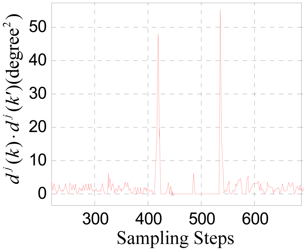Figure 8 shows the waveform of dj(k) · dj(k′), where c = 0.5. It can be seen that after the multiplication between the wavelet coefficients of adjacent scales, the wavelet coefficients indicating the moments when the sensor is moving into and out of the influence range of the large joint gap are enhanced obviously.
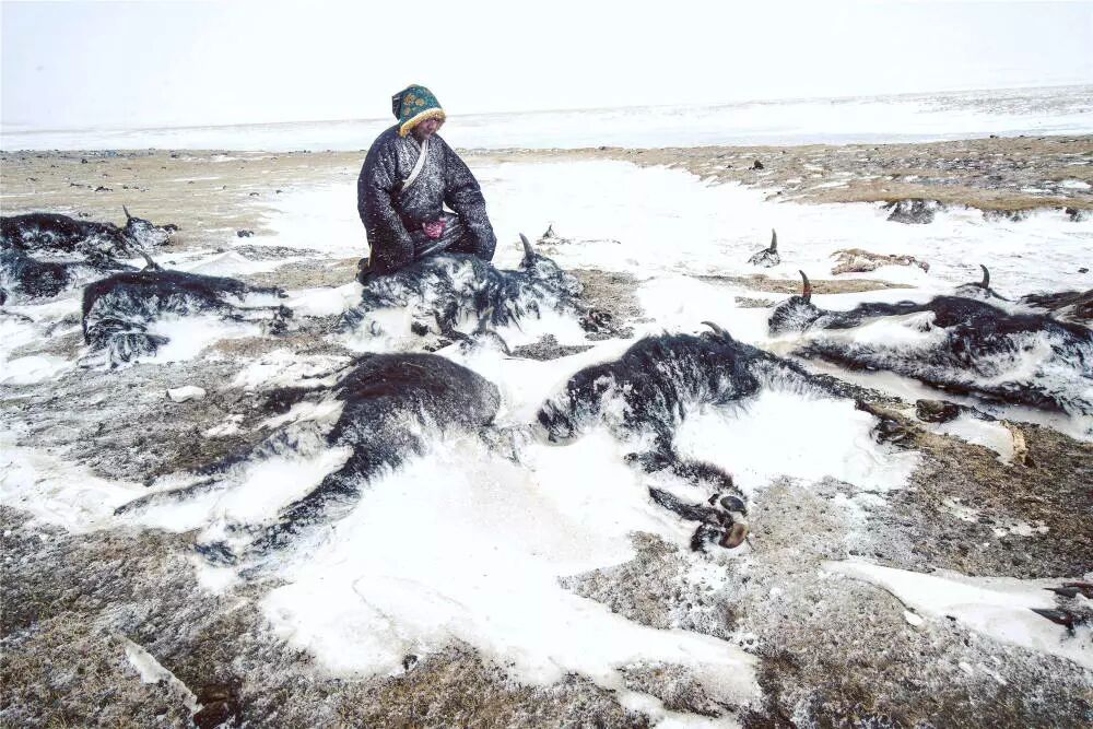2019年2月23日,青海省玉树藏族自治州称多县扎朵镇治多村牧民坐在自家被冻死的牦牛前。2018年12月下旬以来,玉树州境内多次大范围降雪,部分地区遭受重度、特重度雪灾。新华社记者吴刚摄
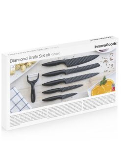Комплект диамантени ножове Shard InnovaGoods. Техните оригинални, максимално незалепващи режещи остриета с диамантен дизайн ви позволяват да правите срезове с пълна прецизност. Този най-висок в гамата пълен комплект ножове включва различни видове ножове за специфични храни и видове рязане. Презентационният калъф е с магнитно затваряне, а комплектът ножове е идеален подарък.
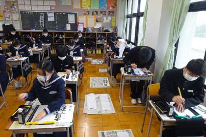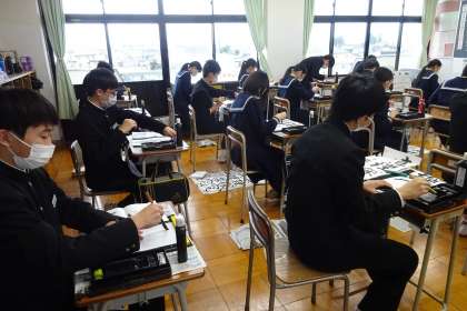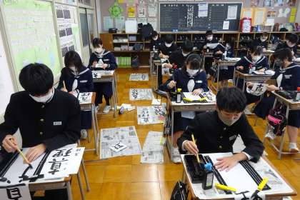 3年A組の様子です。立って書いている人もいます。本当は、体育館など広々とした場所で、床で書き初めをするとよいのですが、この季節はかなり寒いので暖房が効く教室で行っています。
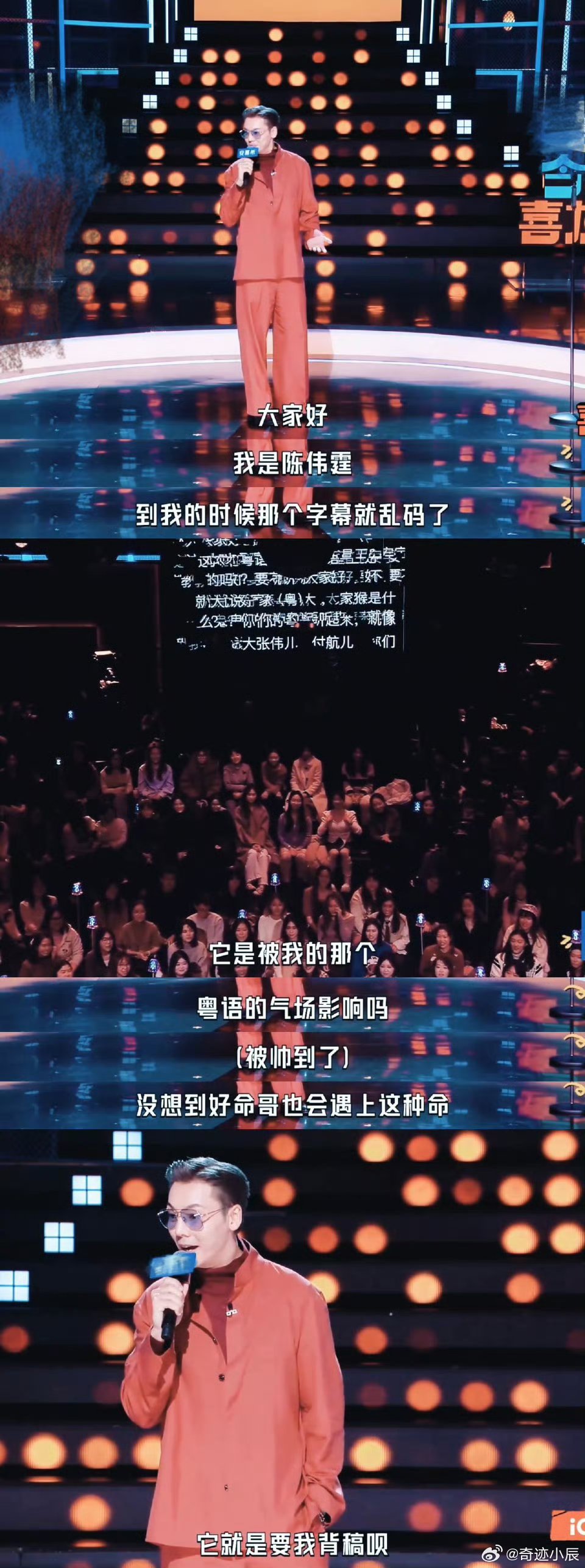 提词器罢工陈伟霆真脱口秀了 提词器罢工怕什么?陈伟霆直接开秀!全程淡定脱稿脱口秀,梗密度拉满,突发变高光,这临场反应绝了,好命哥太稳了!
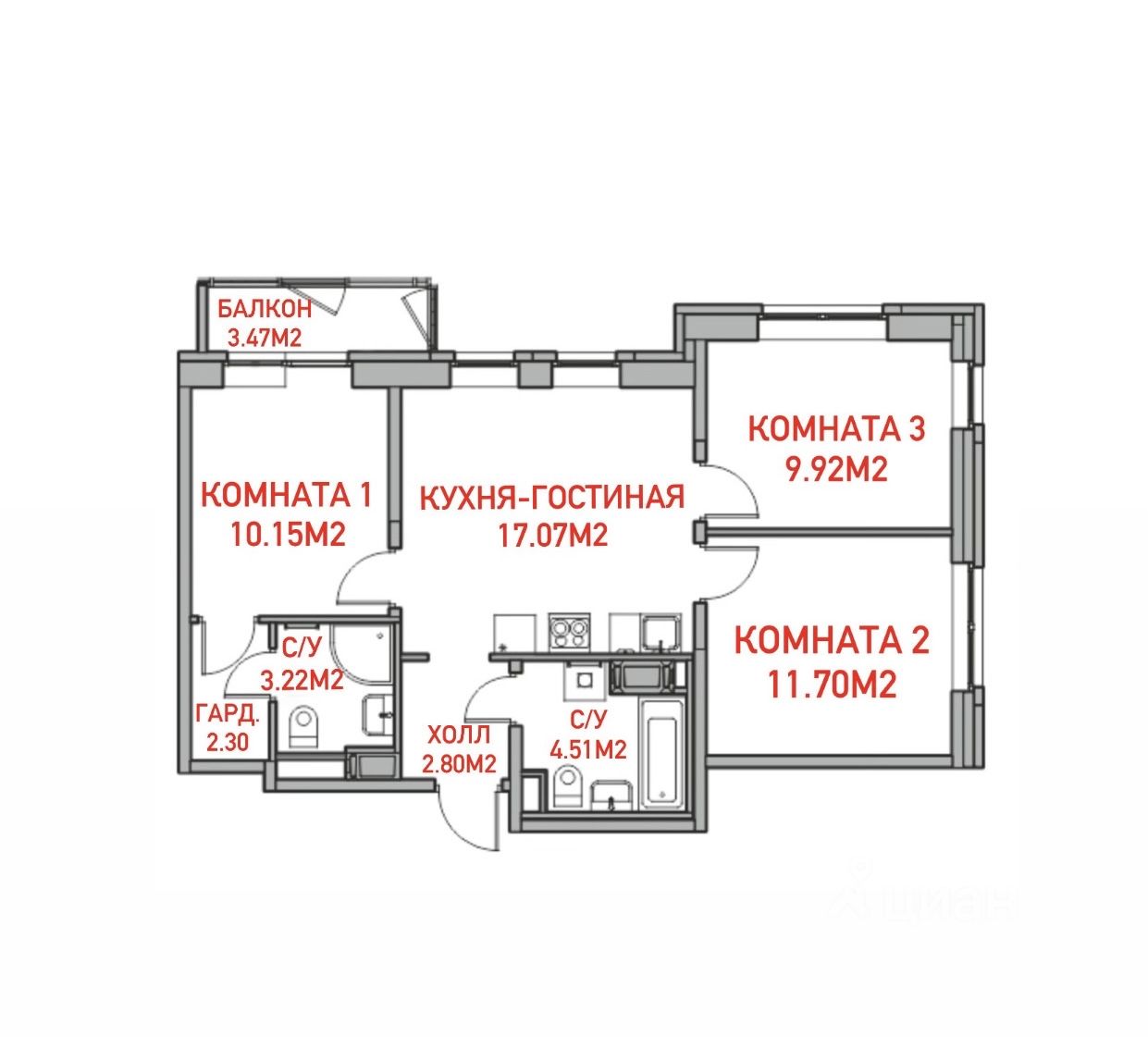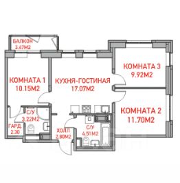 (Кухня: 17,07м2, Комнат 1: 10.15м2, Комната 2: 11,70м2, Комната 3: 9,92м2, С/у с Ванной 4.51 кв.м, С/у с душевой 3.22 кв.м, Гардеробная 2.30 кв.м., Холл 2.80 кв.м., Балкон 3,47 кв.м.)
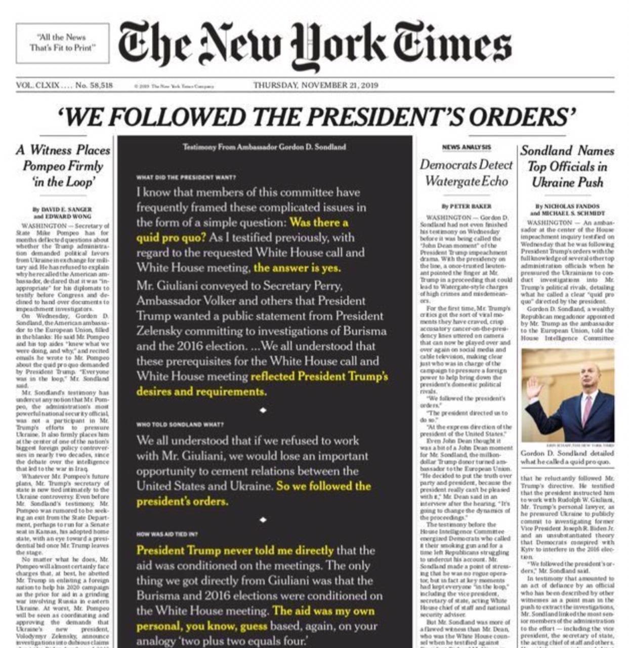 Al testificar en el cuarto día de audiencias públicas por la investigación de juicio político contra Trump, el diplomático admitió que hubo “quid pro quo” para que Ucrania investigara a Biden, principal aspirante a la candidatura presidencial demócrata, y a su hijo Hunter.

● ● ● ●

Output the entries above verbatim. Omit the images.

▸ **Answer to this task**:
Figure 8 shows the waveform of dj(k) · dj(k′), where c = 0.5. It can be seen that after the multiplication between the wavelet coefficients of adjacent scales, the wavelet coefficients indicating the moments when the sensor is moving into and out of the influence range of the large joint gap are enhanced obviously.
2019年2月23日,青海省玉树藏族自治州称多县扎朵镇治多村牧民坐在自家被冻死的牦牛前。2018年12月下旬以来,玉树州境内多次大范围降雪,部分地区遭受重度、特重度雪灾。新华社记者吴刚摄
Комплект диамантени ножове Shard InnovaGoods. Техните оригинални, максимално незалепващи режещи остриета с диамантен дизайн ви позволяват да правите срезове с пълна прецизност. Този най-висок в гамата пълен комплект ножове включва различни видове ножове за специфични храни и видове рязане. Презентационният калъф е с магнитно затваряне, а комплектът ножове е идеален подарък.
 3年A組の様子です。立って書いている人もいます。本当は、体育館など広々とした場所で、床で書き初めをするとよいのですが、この季節はかなり寒いので暖房が効く教室で行っています。
 提词器罢工陈伟霆真脱口秀了 提词器罢工怕什么?陈伟霆直接开秀!全程淡定脱稿脱口秀,梗密度拉满,突发变高光,这临场反应绝了,好命哥太稳了!
 (Кухня: 17,07м2, Комнат 1: 10.15м2, Комната 2: 11,70м2, Комната 3: 9,92м2, С/у с Ванной 4.51 кв.м, С/у с душевой 3.22 кв.м, Гардеробная 2.30 кв.м., Холл 2.80 кв.м., Балкон 3,47 кв.м.)
 Al testificar en el cuarto día de audiencias públicas por la investigación de juicio político contra Trump, el diplomático admitió que hubo “quid pro quo” para que Ucrania investigara a Biden, principal aspirante a la candidatura presidencial demócrata, y a su hijo Hunter.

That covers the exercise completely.